Looks great! :thumbup: What a pretty color. You did a great job with your knitting. It is amazing the before and after, isn't it?

Just an FYI, in the future, you might want to invest in some rust proof T-pins. You can get them at a fabric shop even. I don't think push pins are rust proof, so you risk having an issue with the wet up against the steel. You are probably fine with that color, but for future reference...


----------



## sweetsue (Aug 12, 2011)

Thanks Dee. Will try to find them next time I am at Spotlight - or maybe put them on my wishlist for my swap buddy! :lol:
I did make sure the push pins were right down so the yarn should be on the plastic but you never know and it would be such a shame to ruin it after the work.
I picked up these two balls of yarn for $2 at a Thrift shop. When I searched (thinking of buying another ball) they wanted around $7.50 each. So another great buy and except for the initial expense of the mats ($12) still turns out quite cheap for my first Ashton.
Thanks again Dee.


----------



## tricotscalins (Aug 21, 2011)

Here is my second Ashton shawlette. I made it with 3 skeins of Wendy Merino 4 ply in beige (582 yards) and 3.5 mm (US 4) knitting needles. I did the chart 2 pattern 7 times instead of 5. It measures 67'' X 29''.


----------



## CathyAnn (May 14, 2011)

Tricotscalins, your Ashton is outstanding! The knitting and blocking looks perfect! Is the yarn fingering weight?


----------



## jan1ce (Sep 10, 2011)

Tricotscalins, that is beautiful, I love the colour.

Jan xx


----------



## tricotscalins (Aug 21, 2011)

CathyAnn said:


> Tricotscalins, your Ashton is outstanding! The knitting and blocking looks perfect! Is the yarn fingering weight?
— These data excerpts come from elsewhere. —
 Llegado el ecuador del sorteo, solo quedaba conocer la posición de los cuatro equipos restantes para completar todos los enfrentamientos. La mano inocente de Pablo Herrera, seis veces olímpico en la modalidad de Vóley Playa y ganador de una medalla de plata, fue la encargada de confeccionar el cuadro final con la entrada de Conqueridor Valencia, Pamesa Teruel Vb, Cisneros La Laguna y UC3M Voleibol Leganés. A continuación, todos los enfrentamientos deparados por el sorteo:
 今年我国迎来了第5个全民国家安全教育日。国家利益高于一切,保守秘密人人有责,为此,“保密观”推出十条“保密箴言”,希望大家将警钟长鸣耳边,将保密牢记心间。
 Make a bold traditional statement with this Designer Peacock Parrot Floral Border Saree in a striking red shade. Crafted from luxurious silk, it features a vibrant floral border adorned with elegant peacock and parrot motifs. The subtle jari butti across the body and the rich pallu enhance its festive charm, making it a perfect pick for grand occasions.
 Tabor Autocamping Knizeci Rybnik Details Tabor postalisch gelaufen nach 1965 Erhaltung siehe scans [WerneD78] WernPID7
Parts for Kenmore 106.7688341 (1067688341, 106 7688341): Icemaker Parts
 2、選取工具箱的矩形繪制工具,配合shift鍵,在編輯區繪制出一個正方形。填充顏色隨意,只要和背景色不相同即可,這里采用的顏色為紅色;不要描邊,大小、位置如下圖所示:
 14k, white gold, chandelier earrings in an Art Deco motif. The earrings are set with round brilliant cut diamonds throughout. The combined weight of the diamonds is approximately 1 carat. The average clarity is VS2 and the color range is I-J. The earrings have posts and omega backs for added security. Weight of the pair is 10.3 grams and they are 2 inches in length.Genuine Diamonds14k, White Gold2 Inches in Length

The Wendy Merino 4 ply is similar to sock yarn. The gauge is 28 sts x 36 rows for 4''


----------



## AJP (Sep 12, 2011)

Beautiful!!!! It is so bright and cheery! Congratulations!!!


sweetsue said:


> Well, finally got up the courage to block my Ashton. Ended up with the blocks on the floor. Sure hope it dries before my dog finds it.
> These are before and after photos. Shepherd baby wool in Hot Pink. The two balls did not quite complete the pattern. Blocked 50 inches x 26 inches. Size 5 needles.


----------



## AJP (Sep 12, 2011)

Yours is beautiful!!! It looks wonderful in in that tan color. I can really see the design. Congratulations!!


tricotscalins said:


> Here is my second Ashton shawlette. I made it with 3 skeins of Wendy Merino 4 ply in beige (582 yards) and 3.5 mm (US 4) knitting needles. I did the chart 2 pattern 7 times instead of 5. It measures 67'' X 29''.


----------



## EqLady (Sep 1, 2011)

Truly beautiful knitting and blocking! What color is it?


----------



## tricotscalins (Aug 21, 2011)

EqLady said:


> Truly beautiful knitting and blocking! What color is it?


The real color name is camel.


----------



## BlueButterfly (Sep 18, 2011)

Very nice knitting and I also like the colour. I think the lighter colours really bring out the patterns.


----------



## Starfire (Nov 15, 2011)

Your Ashton is lovely! That is the colour that suits me the best! Can I be your best friend and then you can give it to me as a "just because" gift. I promise I will take very good care of it and love it! Please????? Oh well, I tried. It is so very lovely though!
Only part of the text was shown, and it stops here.